Some of the solutions seem straightforward, but they go to the heart of why the meetings live on:

  • “Have a purpose. If you don’t know why you’re meeting, don’t meet!”
  • “Manage the invite list. Remember the Rule of 7, which states that every attendee over a total of 7 reduces the likelihood of making a good, quick, executable decision by 10 percent.”
  • “Change the default time. Not too long ago, most companies called 30-minute meetings. Now the typical default time has grown to 60 minutes, even though every additional minute generates a higher cost.”

Screen Shot 2014-10-27 at 12.20.20 PMIndeed, a Center for Creative Leadership survey published in the Wall St. Journal shows, many executives feel that they have to spend more time working because of their organizations’ inefficiencies.

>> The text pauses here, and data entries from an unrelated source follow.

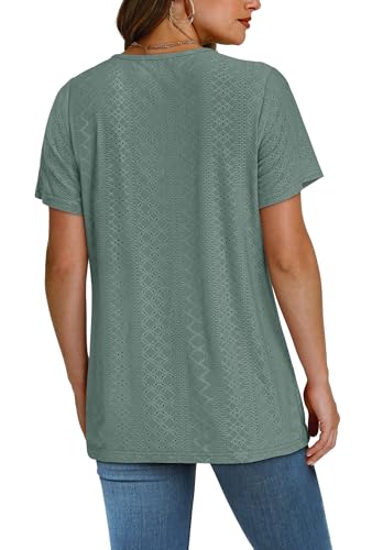 SAMPEEL Womens Summer Tops Trendy 2025 Eyelet Crossed V Neck T Shirts Loose Casual Short Sleeve Tshirts Shirts Fashion 3
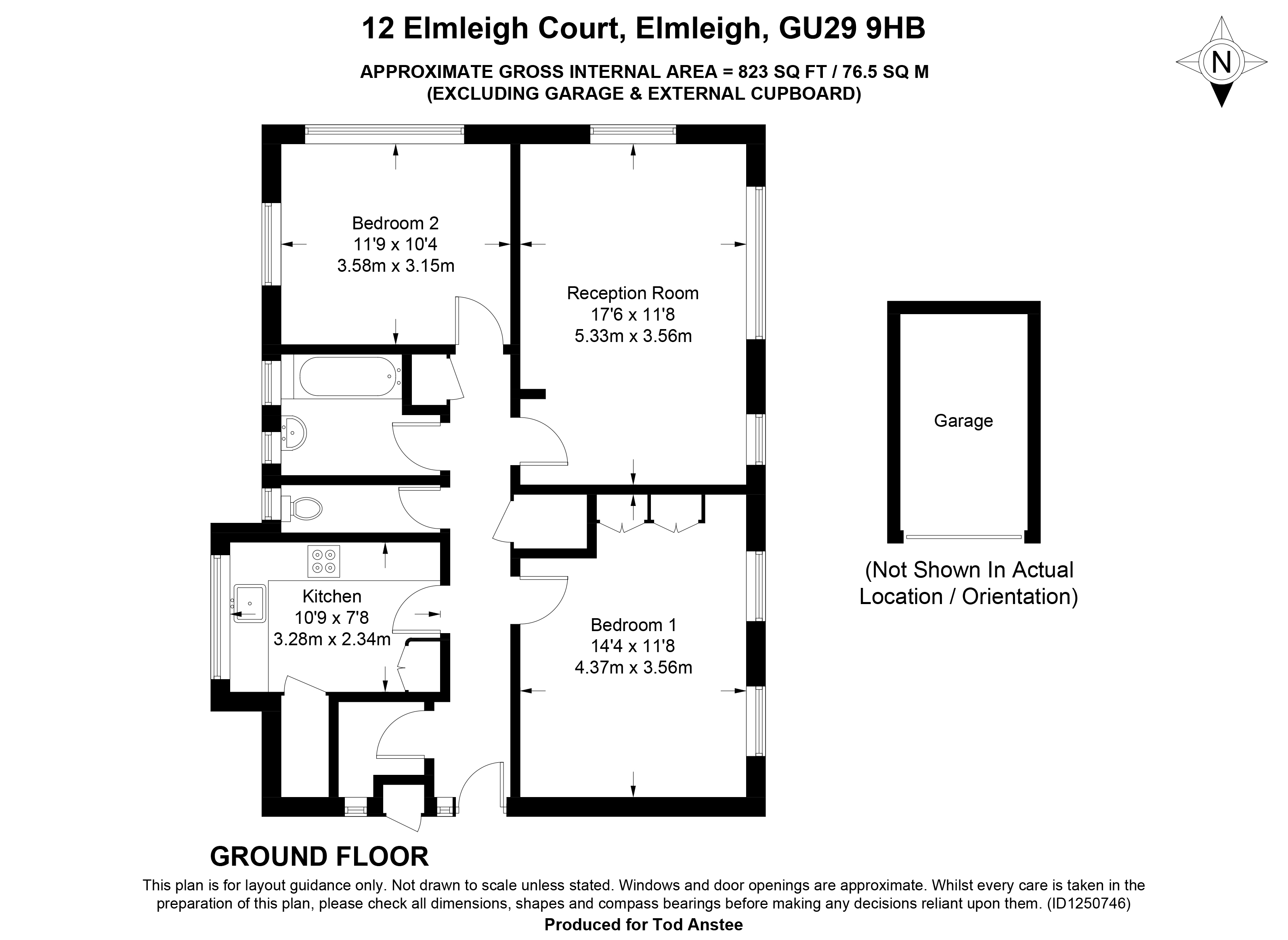 The apartment benefits double glazing throughout and gas central heating. The welcoming hallway leads to a bright and functional kitchen, complete with classic cream units, a free-standing cooker and dishwasher, and a large window with pleasant views. The principal bedroom features built-in storage cupboards, while the second bedroom is positioned adjacent to the family bathroom. A separate WC adds extra convenience. Outside, there are well-maintained gardens along with off-street resident parking and a garage, ideal for additional storage or vehicle parking.
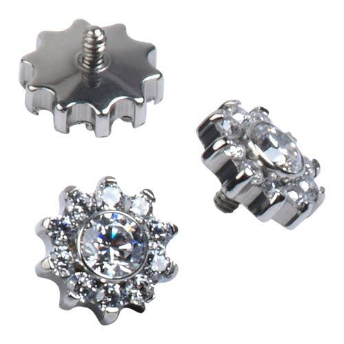 The 16 gauge CZ sunflower is made from high polish grade 23 titanium (Ti 6Al-4V ELI ASTM F136). These will fit most any 16 gauge internally threaded straight barbell or labret. We cannot guarantee compatibility with curved barbells. Choose your cz color below.
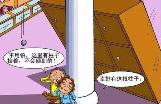在室外,安全的地方是远离建筑物空地。在室内,房屋倒塌后能形成三角空间的地方,往往是人们得以幸存的相对安全地点。比如:楼房中开间小、有支撑物的房间,如厨房、卫生间;家中牢固的桌下、床下、家具旁,内承重墙角;教室的讲台、书桌下;商场书店的结实柜台、室内立柱附近;影剧院的排椅下;工厂车间内的机床、大型设备附近等。
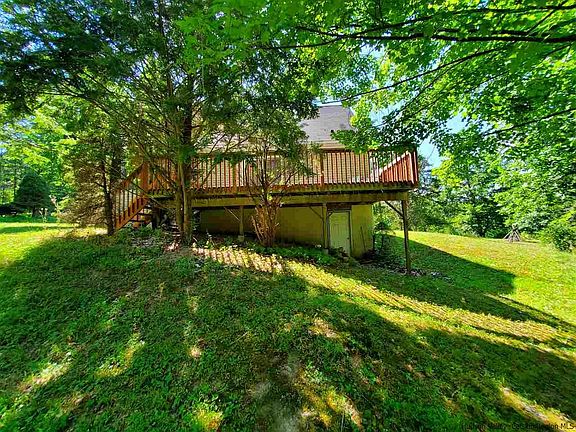 Calling all nature-enthusiasts! Peaceful living on almost 7 acres! Everything on one level with potential to expand into the unfinished attic - or leave for ample storage. Main floor displays a comfortable living room that leads to the kitchen and dining area with access to the large deck. You will find a large basement with high ceilings and walk-out access to the serene property where you will find acres of beautiful trees and a nearby creek. This country living is minutes from the hamlet of Kerhonkson and a short drive to the Minnewaska State Park Preserve. Last picture shows the Rail Trail entrance that is just down the road from the property.
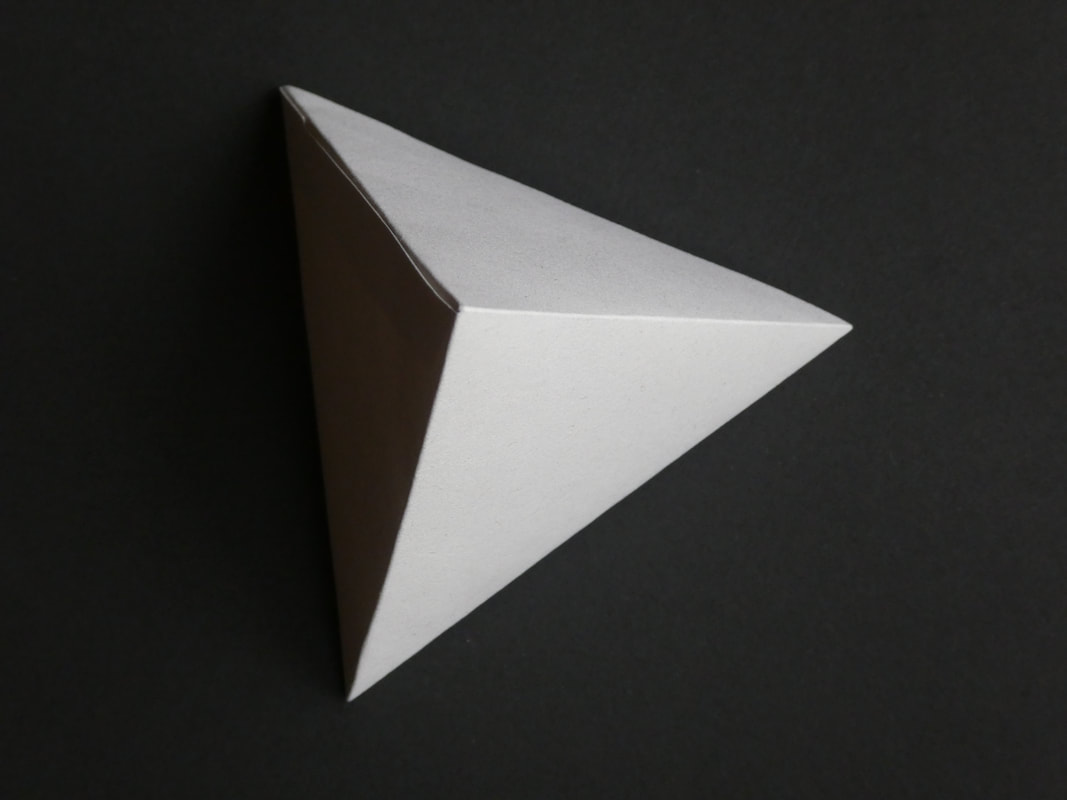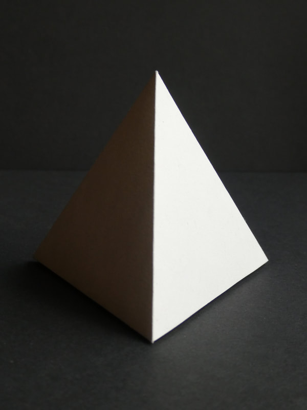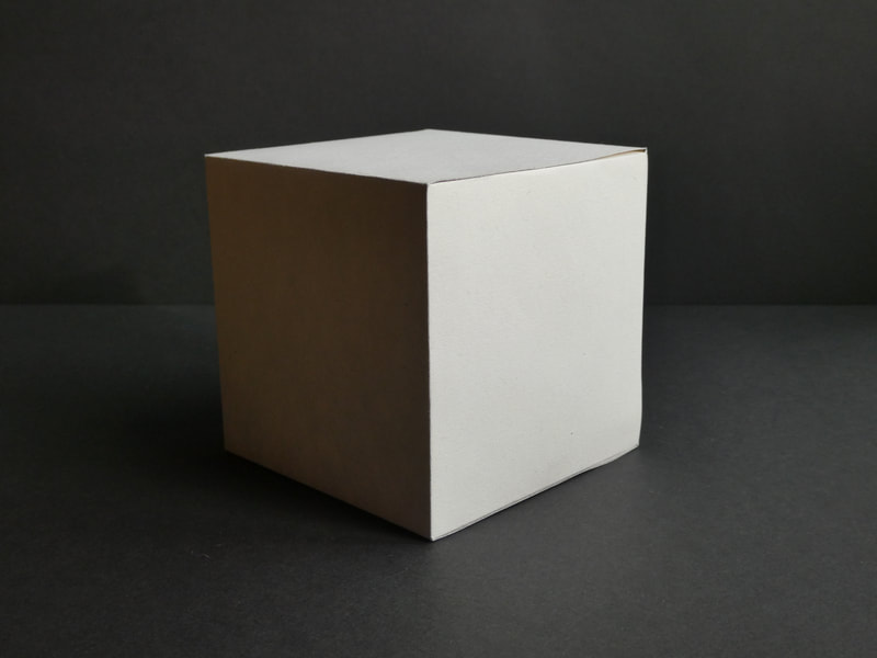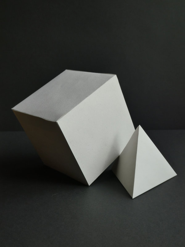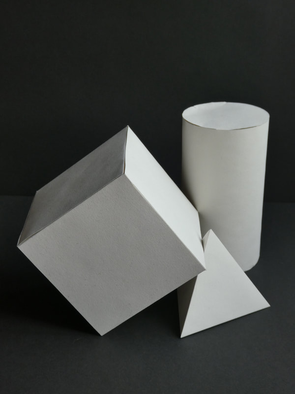 Using thick paper/thin card, create a perfect, white cube, cylinder and pyramid.
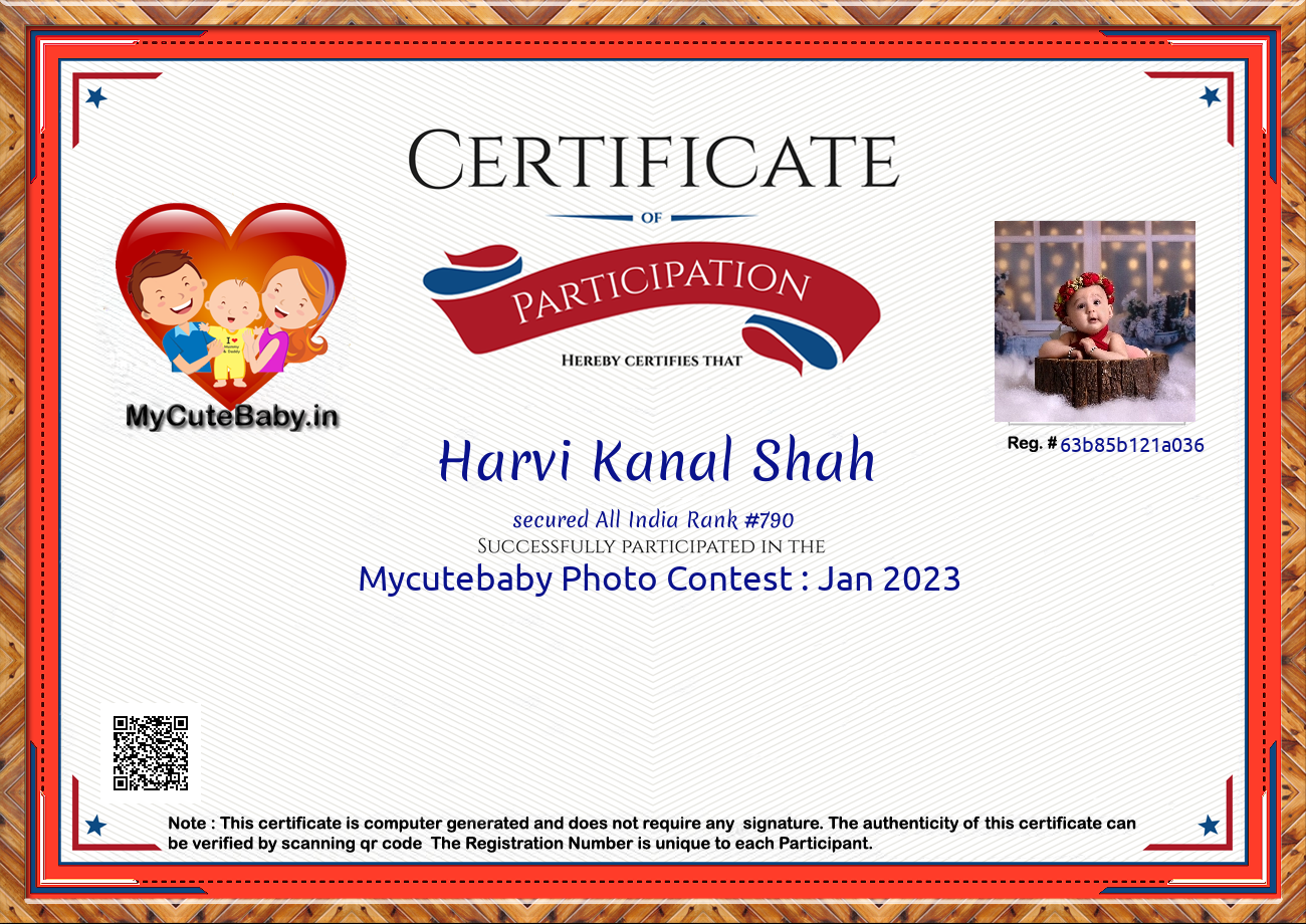 Participation certificate for all the participants whose mycutebaby votes are more than 1000.
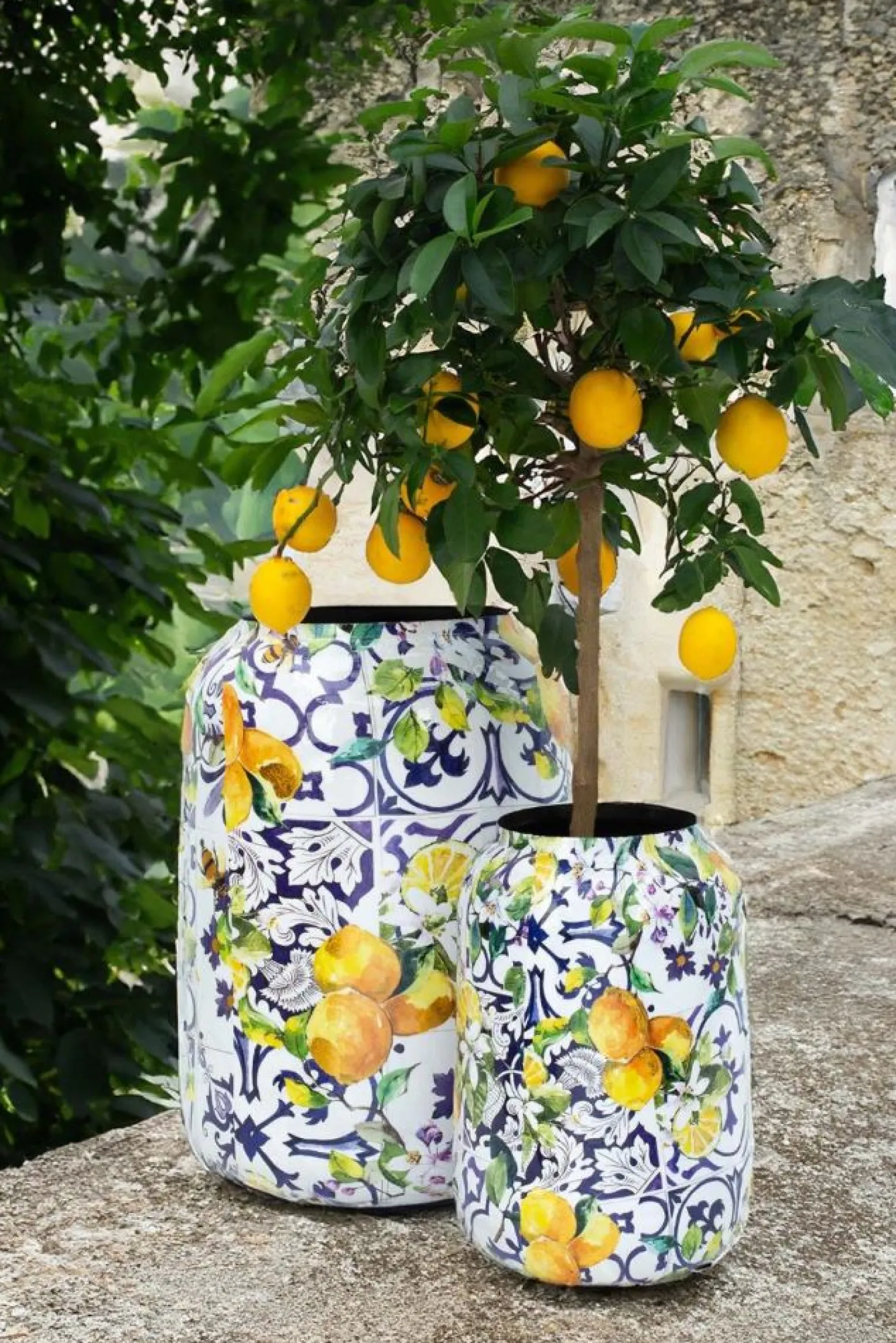 Das Lemon Fusion Pflanzgefäß mit Zitronen-Baum-Muster von Fleur Ami bringt mediterranen Flair in Ihre Wohnräume und sorgt für einen erfrischenden Hingucker. Hergestellt aus hochwertigem Aluminium, vereint es Robustheit mit einer leichten Handhabung. Besonders ins Auge fällt das kunstvoll gestaltete Zitronen-Baum-Muster, das in lebhaften Farben erstrahlt und auf einem stilvollen weiß-blauen, gekachelten Hintergrund perfekt zur Geltung kommt.

Instead of a weekly meeting, Oregon Business writes that companies may want to consider focusing on “a team’s energy and engagement outside formal meetings.”

The piece continues: “Joaquin Lippincott, the president of Metal Toad Media, a Portland-based company that provides web consulting and implementation, understands this concept. ‘Every Monday and Thursday, we have a company-wide stand-up meeting where we touch on an agenda. But it’s mostly to give high-fives,’ he says. High fives? ‘It’s where we engage in individual connections, mention people who’ve helped out on a project, get the whole company excited and aware about things.’”

High fives instead of pointless weekly status updates? It just might work.